Data visualisation (or DataViz, the graphic representation of data) is a very powerful tool to make information easy and attractive to inquisitive readers.
My journey in coding for data visualizations is rather recent, yet I have much experience in graphic design for science communications. In my opinion, the art of data visualization requires more than simply applying a code on Python, R, or whatever the platform used, to a bunch of data. It requires a deep sense of aesthetics and knowledge in the area the data belongs to, in order to create the most functional visual representation.
This year, the Central European University took the initiative of exhibiting cutting edge data visualizations to communicate findings on behavioral or social research. The event, known as Data Stories, calls for artists and data scientists to present their creative visualizations. I participated in this fantastic opportunity to share my creative work on data science. What I did was to take one simple question about leadership in perfoming arts, and I called my work: “Beyond ballet: the leading creators of our favorite ballets”.
This project consisted of collecting structured data from the Wikidata about ballet creators: composers, choreographers, librettists and costume designers.

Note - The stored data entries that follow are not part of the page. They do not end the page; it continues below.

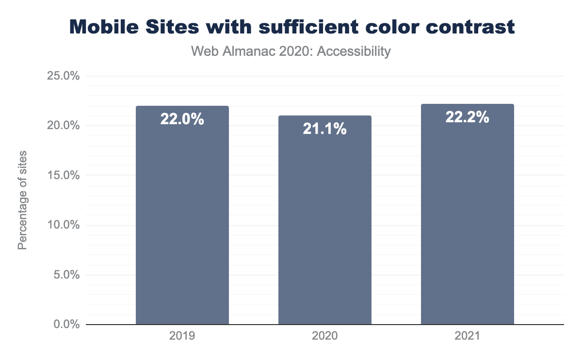Despite the potential for increased conversion, 77.8% of sites failed Lighthouse audits for use of sufficient color contrast. This is a slight improvement year over year.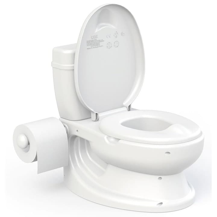 Cu Dolu, totul e gândit să facă tranziția cât mai lină – pentru copil, dar și pentru părinți. Imitația de toaletă reală, cu buton care face sunet de apă și capac rabatabil, chiar ajută la acomodare, iar vasul detașabil se curăță ușor.
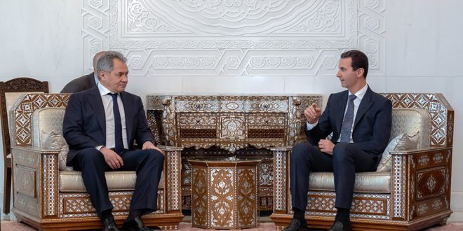 El presidente Bashar al-Assad, recibió este martes en la capital Damasco al ministro de Defensa de Rusia, Serguei Shoigú, con quien abordó el desarrollo de la guerra contra el terrorismo en Siria.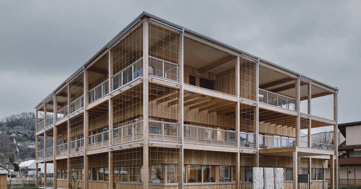 The District Chamber of Farmers in Hallein features sustainable timber construction, green facades, spacious terraces, and functional, future-oriented office design.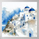 Poster du Carré de peinture à l'aquarelle Santorini Grèce.
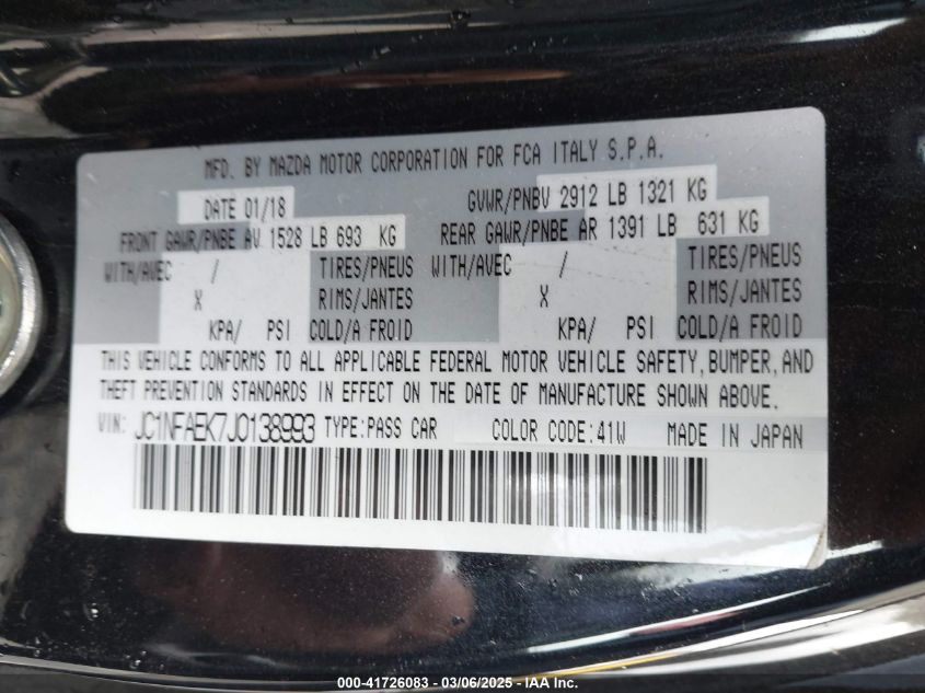 2018 FIAT 124 SPIDER 2018 Gasoline, 1.4, Rear wheel drive, VIN - JC1NFAEK7J0****** from the USA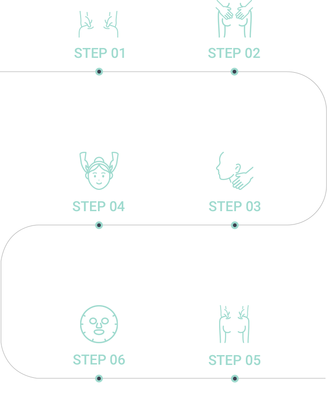 顔面神経と連携された頭皮の筋肉と、上部僧帽筋の筋肉を解し リフト手術の効果を極大化させ、維持させるプログラムになります。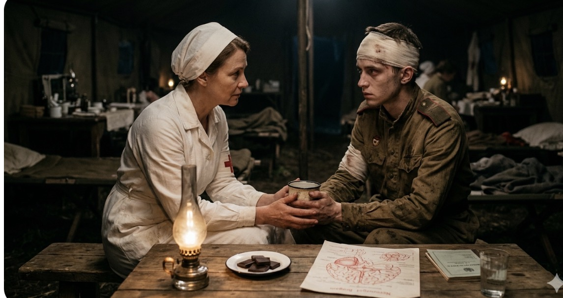 Первая мировая война превратила теорию в практику выживания. В лазаретах Петрограда Самойлова столкнулась с «невидимыми ранами» — снарядным шоком и военными неврозами. Центральное место в её арсенале занимал горячий шоколад. Для неё это был не десерт, а инструмент десенсибилизации. Шоколад выступал биологическим ключом к заблокированным эмоциям: его тепло согревало застывшее тело, а вкус возвращал солдата из «окопного ада» в пространство безопасности и детского покоя. Это была «диетотерапия души» — замена разрушительного алкоголя созидательным ритуалом.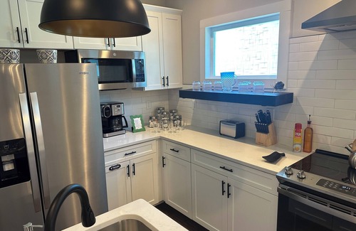 Welcome to Dandridge Tennessee, second oldest city in TN. This brand new 3-bedroom, 3 full bath house is perfect for your private escape or a weekend getaway with friends. Whatever you choose guests will find a pleasant and comfortable stay. Equipped with 2 king beds and one Queen bed, each with its own full bathroom, there is space for everyone.The property offers parking for 2 vehicles, AC, WiFi, Smart TVs fully stocked kitchen with everything you need to have a comfortable stay. Full coffee bar both upstairs and down. Beautiful full size decks on all levels. Back deck has a view of the stunning landscape with a full outdoor dinning table and gas barbecue. The deck off the master offers 2 relaxing rockers for those lazy mornings enjoying your coffee. The property has a washing machine and dryer for your convenience. Steps away from historic downtown Dandridge to enjoy local eateries, antique stores or a new favorite brewery. Blue On Main sits 2 blocks from beautiful Douglas Lake, with swimming, fishing, boating or whatever your favorite water sport. Fall in love with Blue on Main in Dandridge and enjoy the magic it has to offer. Blue on main is located 5 minutes from Field of Dreams Sports Complex and 40 min from Gatlinburg/ Pigeon Forge /Dollywood and 30 minutes away from Sevierville. If you are looking for more space for a family reunion, employee travel or multi-family vacation “Orange On Main” (next door) is available also.

A collaboration is defined as artists that appear as co-creators of the same work of ballet.
With this information, I reconstructed the collaboration network of ballet creators and used objective network metrics to determine the influential power of each artist within the network. This would give me the names of leading ballet creators.
The methodological part of data processing was very straightforward, given my previous works on network visualization. Yet the whole creation of the data story was incredibly challenging. I started selecting the most important networks I wanted to show. I carefully selected nodes’ colors to make it easily differentiable by artists type and communities.

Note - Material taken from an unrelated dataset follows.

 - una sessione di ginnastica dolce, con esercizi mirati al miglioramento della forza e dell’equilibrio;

Once I had my network selection, I exported the png files and explored different backgrounds trying not to lose any detail that contributes to accurately understand the collaboration network of ballet creators. Since I wanted to emphasize network properties, I selected a clear color. Snow white was not the option, neither black swan feathers, but one clear tone in between with a soft gradient would be idea.
I wanted to complement my data story with an attractive photograph by Karolina Kuras. She secretly sponsors my academic slides with her outstanding photographs… so why not again? I have used the photo of the ballerina in the pentagonal window before, when I did the pitch competition for postgrad students.
The problem with this beautiful image is the need to distribute the information in a symmetric fashion. I did one sketch of how I wanted to organize the information, but putting it into the real canvas was a tough trade-off: there was not enough room to make the information fluid for optimal understanding. The photograph was forcing me to to sacrify clarity of the info display. It was definitely not a go for the data story…
I did not give up on the idea of the photograph of the ballerina. Yet I thought that I should first organize the information and data I wanted to convey, then take care of the extra aesthetic elements. I worked in simple white background, managed different typographies and put everything in the right order.
Then, I explored different layers, colors, textures and visual effects to make this data story more appealing. I selected a photograph from Karolina’s professional portfolio (once again!) to inspire the beauty and subtlety of ballet. I ended up with a minimalistic data story, good enough to be exhibited at seventh edition of the Data Stories, Research Visualization Exhibition at CEU Budapest.